The Alaska team’s federal permit only allowed it to engage with Twain for 20 minutes, and when they stopped the playback, “she basically called three times as she was moving away and then stopped,” McCowan said.
“It’s like, ‘where’d you go, my new friends? Where’d you go?’” Sharpe speculated.
While female humpbacks communicate in “thrruups” and “bloops,” only males sing in the haunting tones that travel so well through the depths, and there is debate over whether they are more like singers in a seductive boy band or rivals in a rap battle.
Carl Sagan was among the generation who believed they are mating calls like those of birds.
“But then that hypothesis has very little evidence behind it,” researcher Natalia Botero-Acosta told CNN while taking crossbow biopsies off the Pacific coast of Columbia. “So, there’s this whole different set of hypotheses, that it is a mechanism for males to interact with each other and maybe arrange those competitive groups.
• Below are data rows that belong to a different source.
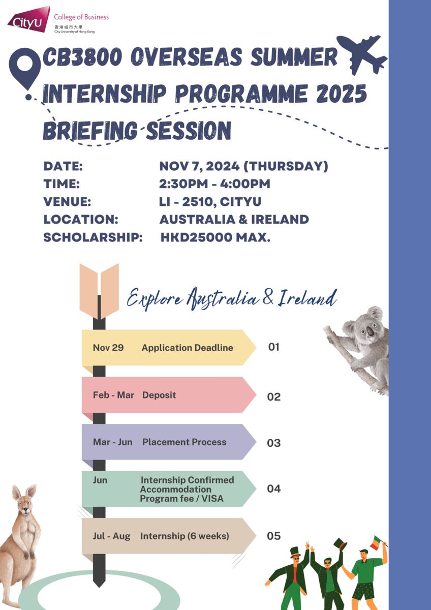 | Details: | In collaboration with Bloom of Youth, College of Business is pleased to announce the launch of CB3800 Overseas Summer Internship 2025. This 3-credit unit course is designed to provide Year 2 and Year 3 students with hands-on experience in overseas business contexts during Summer 2025 (July – August). Join the briefing session to understand more about the summer internship opportunities in Australia and Ireland, application procedures, program details and also subsidies available (by nomination only). Please refer to the following E-poster for more details and register via CRESDA. Date: Nov 7, 2024 (Thursday)
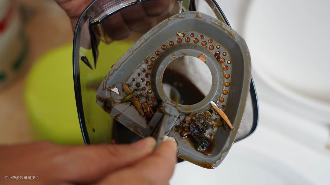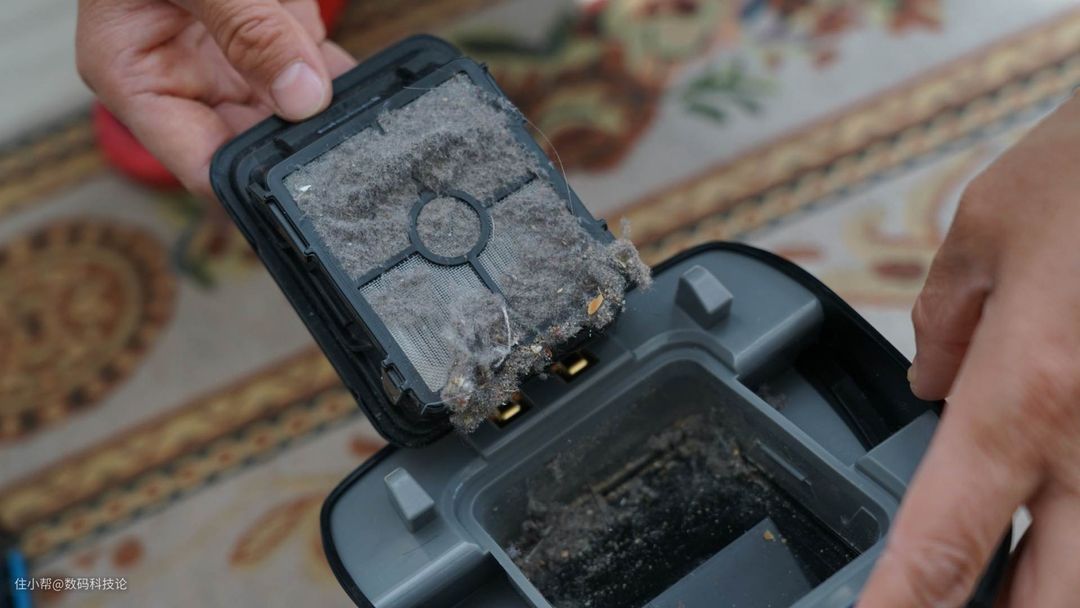 另外从内部结构来看,污水箱可以分解为四大部分,双层滤网、污水箱上盖、颗粒垃圾分离器,以及污水箱。
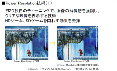 1080p未満の映像を入れたときも、ちゃんと1920×1080ドットのフル解像度に解像度変換して表示してくれるので、このあたりの使い勝手はテレビと全く変わらない。それどころか、一般的なテレビ製品にはないユニークな機能を使って、1080p未満の映像をFORIS FS2331にて高画質で楽しむこともできる。それがPower Resolution機能だ。
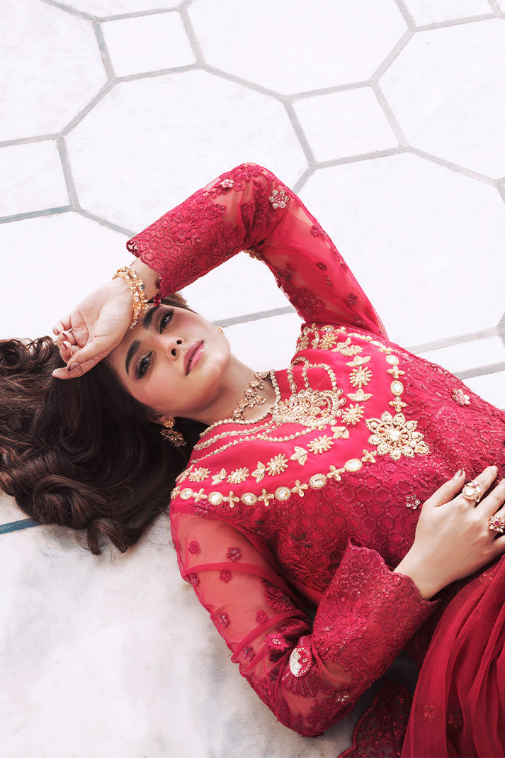 Ishq is a timeless red bridal dress that embodies the true soul of bridal tradition, symbolizing passion, love, and heritage. Crafted from embroidered net, the front and sleeves are elevated with dramatic 3D work that adds depth and striking visual impact. A beautifully detailed front-neck in embellished organza, finished with handmade embellishments, creates a captivating focal point.
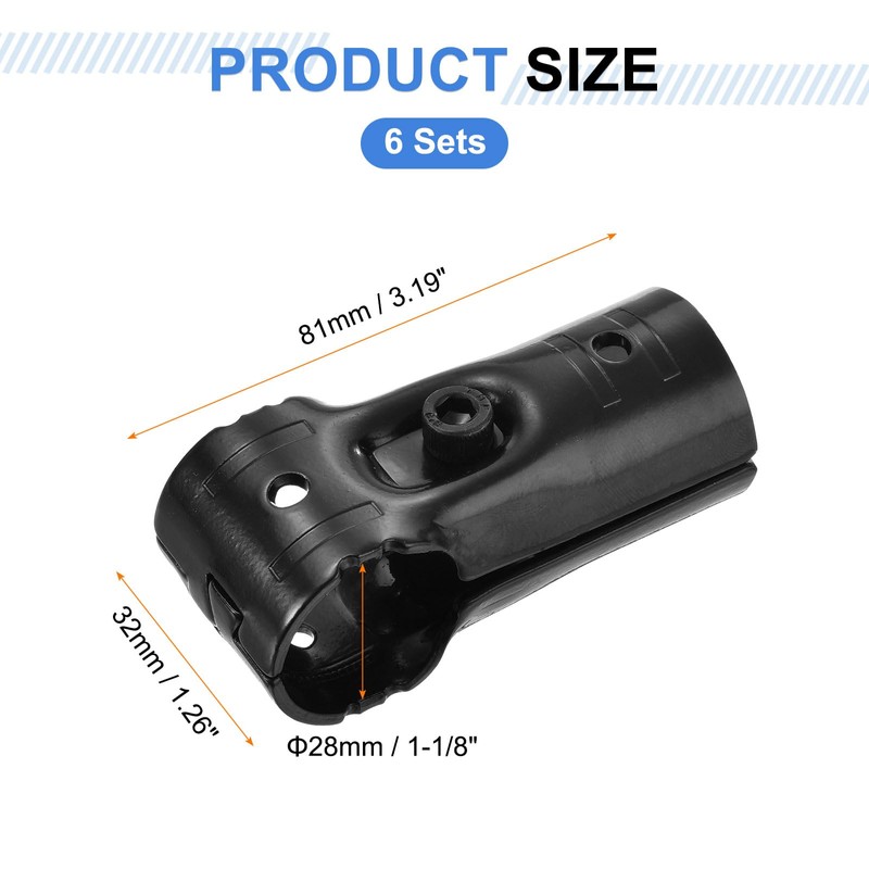 - [What You Get] - The package comes with 6 pcs of pipe clamp connectors, 6 pcs of screws and 6 pcs of nuts. Fit Pipe OD: 28mm/1-1/8inch; Overall Size: 81 x 32mm/3.19 x 1.26inch(L*W).
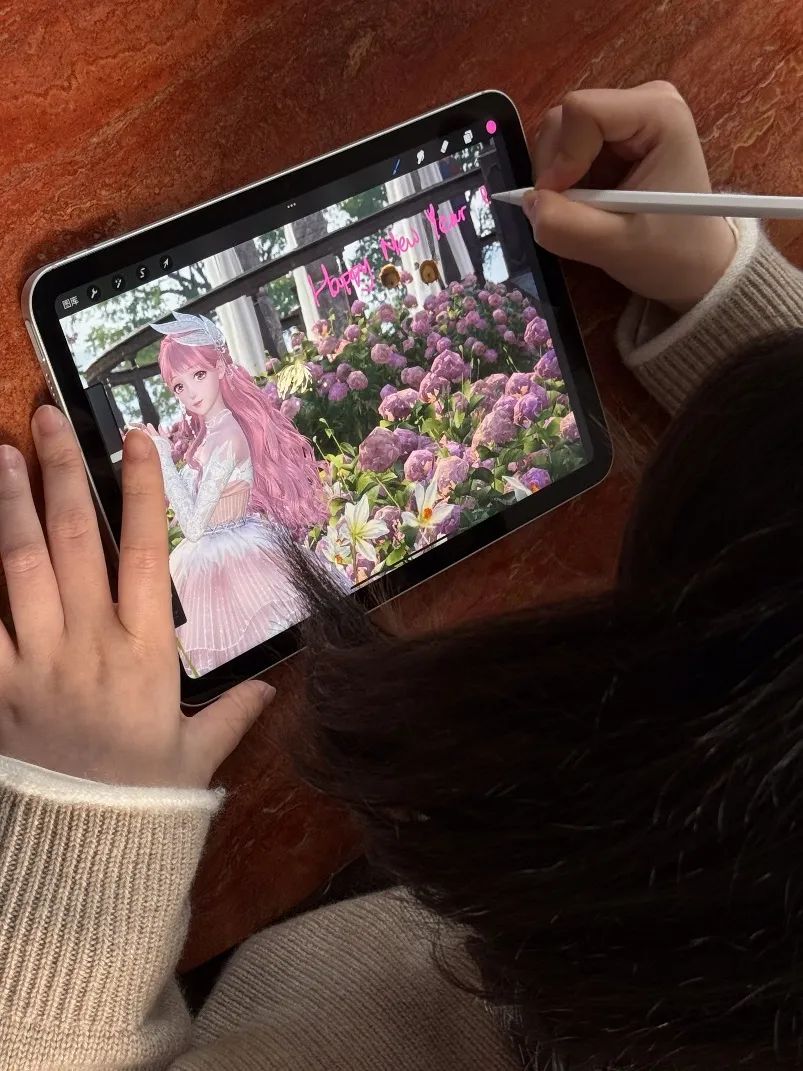 在现场试玩的时候,《无限暖暖》还提供了一个展开游戏二创的使用场景——玩家在游戏中使用内置的相机截图,本就附带了多种滤镜可供选择,随机就能在图片加工App中,用Apple Pencil再添上几笔自己的想法,再一步就能直接发布到社交网络上了,整个过程感觉要比在电脑或手机上操作起来都更丝滑。

Or that it can promote ovulation for females.”
“I work with a couple of these projects that are trying to use AI to understand the context and the meaning to animal communication, but I don’t have a need to talk to a whale,” Friedlaender said when asked about the possibilities. “A whale shouldn’t have to tell us ‘Here’s all the things you’re doing to screw us.’”
“If I could talk to a whale, I’d say ‘Sorry,’” Friedlaender added.
While in Antarctica, he was giddy with the news that the first-ever Global Oceans Treaty had passed in the United Nations, creating a framework to protect 30% of the oceans by 2030, including key whale migration corridors. But almost a year later, only one country has ratified it.
“We are seeing countries start to ratify it, but it’s urgent we move fast,” Johnson said. “As soon as 60 countries ratify it, it enters into force. Last week Palau was the first, with Chile and the Maldives soon to do so. We’re hopeful others will ratify soon.”
At times, such diplomacy can feel as whimsical as launching golden records of whale song out of the galaxy.
“Many, if not most of our messages will be indecipherable,” Carl Sagan wrote of the Voyager message. “But it is important to try.”
People saved the whales once. By doing it again, the experts say, humankind will enjoy the added benefit of saving itself.